Concurrent Programming with OS/161

If your code is properly synchronized, the timing of context switches and the order in which threads run should not change the behavior of your solution. Of course, your threads may print messages in different orders, but you should be able to easily verify that they follow all the constraints applied to them and that they do not deadlock.

Built-In Thread Tests

When you booted OS/161 in the last assignment, you may have seen the options to run the thread tests. The thread-test code uses the semaphore-synchronization primitive. You should trace the execution of one of these thread tests in GDB to see how the scheduler acts, how threads are created, and what exactly happens in a context switch. You should be able to step through a call to mi_switch() and see exactly where the current thread changes.
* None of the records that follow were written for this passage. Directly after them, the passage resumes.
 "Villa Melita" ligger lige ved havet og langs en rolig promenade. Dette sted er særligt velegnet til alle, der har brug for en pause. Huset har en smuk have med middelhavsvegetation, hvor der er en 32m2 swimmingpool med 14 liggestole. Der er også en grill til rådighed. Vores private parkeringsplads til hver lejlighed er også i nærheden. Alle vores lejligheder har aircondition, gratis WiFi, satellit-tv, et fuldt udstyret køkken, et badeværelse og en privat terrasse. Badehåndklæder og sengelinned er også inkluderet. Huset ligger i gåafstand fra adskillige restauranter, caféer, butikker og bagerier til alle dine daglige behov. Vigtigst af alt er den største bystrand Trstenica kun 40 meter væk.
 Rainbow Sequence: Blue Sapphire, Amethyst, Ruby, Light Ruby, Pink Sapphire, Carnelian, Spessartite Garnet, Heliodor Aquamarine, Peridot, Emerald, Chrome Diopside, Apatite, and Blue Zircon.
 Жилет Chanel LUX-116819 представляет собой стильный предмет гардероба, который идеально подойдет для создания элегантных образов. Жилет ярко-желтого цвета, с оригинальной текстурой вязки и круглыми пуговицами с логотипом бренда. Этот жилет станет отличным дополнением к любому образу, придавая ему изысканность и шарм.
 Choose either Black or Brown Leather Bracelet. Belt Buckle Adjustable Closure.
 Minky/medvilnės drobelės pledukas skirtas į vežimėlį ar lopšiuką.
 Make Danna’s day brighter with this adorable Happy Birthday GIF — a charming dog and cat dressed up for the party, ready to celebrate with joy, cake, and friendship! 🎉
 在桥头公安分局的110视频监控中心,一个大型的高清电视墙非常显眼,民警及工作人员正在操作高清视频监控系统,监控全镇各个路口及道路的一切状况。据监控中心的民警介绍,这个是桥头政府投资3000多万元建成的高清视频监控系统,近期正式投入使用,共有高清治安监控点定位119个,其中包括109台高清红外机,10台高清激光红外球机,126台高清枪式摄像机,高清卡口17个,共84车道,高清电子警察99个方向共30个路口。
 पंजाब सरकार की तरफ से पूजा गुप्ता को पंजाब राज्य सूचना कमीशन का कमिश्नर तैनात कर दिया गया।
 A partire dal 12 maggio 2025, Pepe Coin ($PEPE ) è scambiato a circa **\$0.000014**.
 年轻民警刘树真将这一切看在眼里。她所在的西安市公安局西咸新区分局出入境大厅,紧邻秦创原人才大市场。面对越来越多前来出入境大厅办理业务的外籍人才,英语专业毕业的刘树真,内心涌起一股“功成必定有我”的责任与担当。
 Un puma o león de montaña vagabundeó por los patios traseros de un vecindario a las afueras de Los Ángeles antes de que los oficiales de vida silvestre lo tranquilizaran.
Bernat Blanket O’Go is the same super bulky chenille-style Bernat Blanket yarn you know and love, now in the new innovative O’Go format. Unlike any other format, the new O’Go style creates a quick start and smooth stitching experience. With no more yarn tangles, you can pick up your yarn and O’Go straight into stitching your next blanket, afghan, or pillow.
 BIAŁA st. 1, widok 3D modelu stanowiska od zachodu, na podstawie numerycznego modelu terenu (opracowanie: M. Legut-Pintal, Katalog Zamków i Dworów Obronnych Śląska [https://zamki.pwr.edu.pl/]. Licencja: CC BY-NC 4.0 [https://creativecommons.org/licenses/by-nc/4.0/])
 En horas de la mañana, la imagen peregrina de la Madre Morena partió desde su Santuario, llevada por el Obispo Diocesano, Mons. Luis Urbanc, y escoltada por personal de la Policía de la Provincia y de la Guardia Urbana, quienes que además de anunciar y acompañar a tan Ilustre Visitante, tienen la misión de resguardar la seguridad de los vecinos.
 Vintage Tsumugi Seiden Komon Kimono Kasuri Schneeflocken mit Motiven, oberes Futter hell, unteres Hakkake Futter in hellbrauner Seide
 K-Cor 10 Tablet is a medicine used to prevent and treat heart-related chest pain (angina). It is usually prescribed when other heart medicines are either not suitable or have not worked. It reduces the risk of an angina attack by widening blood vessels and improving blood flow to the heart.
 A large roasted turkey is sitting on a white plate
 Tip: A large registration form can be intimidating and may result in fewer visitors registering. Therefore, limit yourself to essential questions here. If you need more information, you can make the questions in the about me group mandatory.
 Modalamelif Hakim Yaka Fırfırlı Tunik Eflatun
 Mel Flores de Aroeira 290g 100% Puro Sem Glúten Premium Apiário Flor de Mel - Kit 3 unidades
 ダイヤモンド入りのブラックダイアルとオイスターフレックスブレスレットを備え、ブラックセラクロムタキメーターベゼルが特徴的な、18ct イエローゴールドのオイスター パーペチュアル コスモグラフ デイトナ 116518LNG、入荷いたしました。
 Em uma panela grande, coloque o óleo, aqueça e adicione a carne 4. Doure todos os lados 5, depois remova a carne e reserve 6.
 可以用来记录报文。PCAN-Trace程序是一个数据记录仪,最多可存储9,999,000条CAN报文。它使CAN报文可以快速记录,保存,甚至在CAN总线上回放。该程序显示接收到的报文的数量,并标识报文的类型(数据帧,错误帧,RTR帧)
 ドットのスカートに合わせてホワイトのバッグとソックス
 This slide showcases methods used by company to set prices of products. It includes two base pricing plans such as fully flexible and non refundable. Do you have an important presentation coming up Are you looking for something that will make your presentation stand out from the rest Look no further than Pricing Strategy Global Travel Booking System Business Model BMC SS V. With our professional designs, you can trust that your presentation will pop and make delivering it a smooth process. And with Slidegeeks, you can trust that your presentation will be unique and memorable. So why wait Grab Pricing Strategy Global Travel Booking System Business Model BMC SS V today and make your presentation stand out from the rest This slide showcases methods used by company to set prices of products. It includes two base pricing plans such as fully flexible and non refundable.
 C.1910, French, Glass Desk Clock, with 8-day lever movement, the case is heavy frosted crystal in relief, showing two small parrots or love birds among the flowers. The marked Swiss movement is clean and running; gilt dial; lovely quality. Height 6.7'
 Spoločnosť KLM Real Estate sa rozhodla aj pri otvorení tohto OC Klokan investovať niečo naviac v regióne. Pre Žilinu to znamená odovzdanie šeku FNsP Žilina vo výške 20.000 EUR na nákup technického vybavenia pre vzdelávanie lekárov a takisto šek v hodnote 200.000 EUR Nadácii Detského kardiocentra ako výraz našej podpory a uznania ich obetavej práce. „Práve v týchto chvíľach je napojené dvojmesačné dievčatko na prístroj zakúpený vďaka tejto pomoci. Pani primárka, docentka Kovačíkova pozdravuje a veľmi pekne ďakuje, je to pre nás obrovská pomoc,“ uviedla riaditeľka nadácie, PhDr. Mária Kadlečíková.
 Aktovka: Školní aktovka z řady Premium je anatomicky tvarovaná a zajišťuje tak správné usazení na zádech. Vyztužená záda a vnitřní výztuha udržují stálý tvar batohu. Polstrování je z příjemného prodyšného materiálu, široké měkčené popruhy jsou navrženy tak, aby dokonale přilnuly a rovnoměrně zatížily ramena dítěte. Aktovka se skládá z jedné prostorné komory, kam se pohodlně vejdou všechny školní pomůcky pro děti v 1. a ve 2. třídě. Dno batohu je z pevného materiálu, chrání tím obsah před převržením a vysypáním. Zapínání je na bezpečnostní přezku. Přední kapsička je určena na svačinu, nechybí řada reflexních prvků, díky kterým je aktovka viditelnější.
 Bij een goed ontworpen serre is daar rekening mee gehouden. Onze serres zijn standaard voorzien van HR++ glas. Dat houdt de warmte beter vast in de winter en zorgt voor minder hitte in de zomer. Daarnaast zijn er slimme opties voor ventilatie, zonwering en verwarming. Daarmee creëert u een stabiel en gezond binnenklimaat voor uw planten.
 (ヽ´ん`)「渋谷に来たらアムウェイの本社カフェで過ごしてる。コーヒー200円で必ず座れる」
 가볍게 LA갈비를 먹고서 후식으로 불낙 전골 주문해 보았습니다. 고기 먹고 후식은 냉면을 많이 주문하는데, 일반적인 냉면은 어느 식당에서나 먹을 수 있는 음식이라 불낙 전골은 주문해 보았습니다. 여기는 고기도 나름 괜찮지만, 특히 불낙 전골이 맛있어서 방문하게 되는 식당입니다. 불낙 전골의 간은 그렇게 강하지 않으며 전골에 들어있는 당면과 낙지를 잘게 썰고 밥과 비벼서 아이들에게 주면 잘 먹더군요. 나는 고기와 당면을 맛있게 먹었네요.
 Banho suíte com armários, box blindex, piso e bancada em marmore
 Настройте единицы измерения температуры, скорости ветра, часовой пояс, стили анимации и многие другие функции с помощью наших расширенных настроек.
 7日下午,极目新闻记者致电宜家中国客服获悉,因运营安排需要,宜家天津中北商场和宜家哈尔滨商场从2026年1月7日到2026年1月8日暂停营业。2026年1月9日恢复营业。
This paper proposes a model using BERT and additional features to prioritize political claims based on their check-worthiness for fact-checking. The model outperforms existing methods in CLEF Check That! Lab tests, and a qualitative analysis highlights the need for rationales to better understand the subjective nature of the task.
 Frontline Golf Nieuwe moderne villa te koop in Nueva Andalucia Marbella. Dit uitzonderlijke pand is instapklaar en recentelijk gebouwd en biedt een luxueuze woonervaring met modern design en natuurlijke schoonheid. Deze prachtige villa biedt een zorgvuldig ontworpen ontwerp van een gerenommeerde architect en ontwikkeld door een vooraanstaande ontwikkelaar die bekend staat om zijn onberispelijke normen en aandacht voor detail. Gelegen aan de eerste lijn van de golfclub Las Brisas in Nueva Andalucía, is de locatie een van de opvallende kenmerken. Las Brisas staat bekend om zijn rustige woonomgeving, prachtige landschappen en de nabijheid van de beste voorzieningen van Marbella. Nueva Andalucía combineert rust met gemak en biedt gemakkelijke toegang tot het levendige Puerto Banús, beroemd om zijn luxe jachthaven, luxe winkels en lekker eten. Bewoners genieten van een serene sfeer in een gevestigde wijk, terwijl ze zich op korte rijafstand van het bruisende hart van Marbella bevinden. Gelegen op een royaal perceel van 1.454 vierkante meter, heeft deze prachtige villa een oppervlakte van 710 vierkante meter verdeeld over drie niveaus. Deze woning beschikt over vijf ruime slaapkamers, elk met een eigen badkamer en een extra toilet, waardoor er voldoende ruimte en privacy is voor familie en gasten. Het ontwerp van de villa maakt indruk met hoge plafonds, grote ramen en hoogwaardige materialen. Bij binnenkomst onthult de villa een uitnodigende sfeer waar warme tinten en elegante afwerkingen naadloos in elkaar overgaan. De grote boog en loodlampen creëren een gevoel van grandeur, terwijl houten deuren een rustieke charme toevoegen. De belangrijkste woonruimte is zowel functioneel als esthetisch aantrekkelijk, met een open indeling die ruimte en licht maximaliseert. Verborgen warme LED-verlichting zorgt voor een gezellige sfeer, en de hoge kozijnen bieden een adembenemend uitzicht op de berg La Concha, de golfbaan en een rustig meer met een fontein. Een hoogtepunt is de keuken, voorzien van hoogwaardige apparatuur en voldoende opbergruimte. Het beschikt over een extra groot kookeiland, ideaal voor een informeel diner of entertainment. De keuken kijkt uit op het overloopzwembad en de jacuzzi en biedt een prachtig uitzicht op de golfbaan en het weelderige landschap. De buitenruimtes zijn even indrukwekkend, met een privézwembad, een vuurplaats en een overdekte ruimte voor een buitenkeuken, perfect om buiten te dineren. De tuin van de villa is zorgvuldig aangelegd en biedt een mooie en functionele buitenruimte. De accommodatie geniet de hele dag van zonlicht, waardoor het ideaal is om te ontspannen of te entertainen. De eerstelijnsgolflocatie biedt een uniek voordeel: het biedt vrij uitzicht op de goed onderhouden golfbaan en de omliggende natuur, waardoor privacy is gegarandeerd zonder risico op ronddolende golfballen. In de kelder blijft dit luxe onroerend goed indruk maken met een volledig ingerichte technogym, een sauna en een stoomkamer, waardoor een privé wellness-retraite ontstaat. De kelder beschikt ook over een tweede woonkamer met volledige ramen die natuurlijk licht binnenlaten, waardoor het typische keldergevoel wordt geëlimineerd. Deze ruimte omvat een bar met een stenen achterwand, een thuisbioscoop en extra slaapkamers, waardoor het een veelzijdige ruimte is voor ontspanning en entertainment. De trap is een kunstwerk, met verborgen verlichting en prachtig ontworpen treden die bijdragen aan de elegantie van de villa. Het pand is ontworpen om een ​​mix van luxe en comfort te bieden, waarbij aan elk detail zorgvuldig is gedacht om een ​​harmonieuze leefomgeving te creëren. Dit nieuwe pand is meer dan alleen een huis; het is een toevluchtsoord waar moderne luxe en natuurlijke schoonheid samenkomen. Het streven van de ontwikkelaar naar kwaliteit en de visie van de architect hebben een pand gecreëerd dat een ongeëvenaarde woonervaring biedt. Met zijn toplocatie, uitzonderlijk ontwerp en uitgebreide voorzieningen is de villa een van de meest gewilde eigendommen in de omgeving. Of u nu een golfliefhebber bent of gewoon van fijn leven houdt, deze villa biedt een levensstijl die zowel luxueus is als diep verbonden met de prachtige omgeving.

Thread test 1 (tt1 at the prompt or tt1 on the kernel command line) prints the numbers 0 through 7 each time each thread loops. Thread test 2 (tt2) prints only when each thread starts and exits. The latter is intended to show that the scheduler doesn't cause starvation—the threads should all start together, spin for awhile, and then end together.

Debugging Concurrent Programs

thread_yield() is automatically called for you at intervals that vary randomly. While this randomness is fairly close to reality, it complicates the process of debugging your concurrent programs.

The random-number generator used to vary the time between these thread_yield() calls uses the same seed as the random device in System/161. Thus you can reproduce a specific execution sequence by using a fixed seed for the random-number generator. You can pass an explicit seed into random device by editing the ``random'' line in your sys161.conf file. For example, to set the seed to 1, you would comment out the existing line that configures the random device and add a replacement line that reads as follows:

28 random seed=1

We recommend that while you are writing and debugging your solutions you pick a seed and use it consistently. Once you are confident that your threads do what they are supposed to do, set the random device back to the autoseed setting. Using different random seeds should allow you to test your solutions under varying conditions and may expose scenarios that you had not anticipated.

Share Tips

Although you may not share implementation code, you should feel free to share useful tips with other class members on topics such as using OS/161, designing a lock implementation, debugging with gdb, and so forth. The class Wiki is a good place to post such tips. Assignments are not competitive. If you all turn in great work, you will all get As.

Code Review

After all assignments have been submitted, we will perform code reviews on the submissions.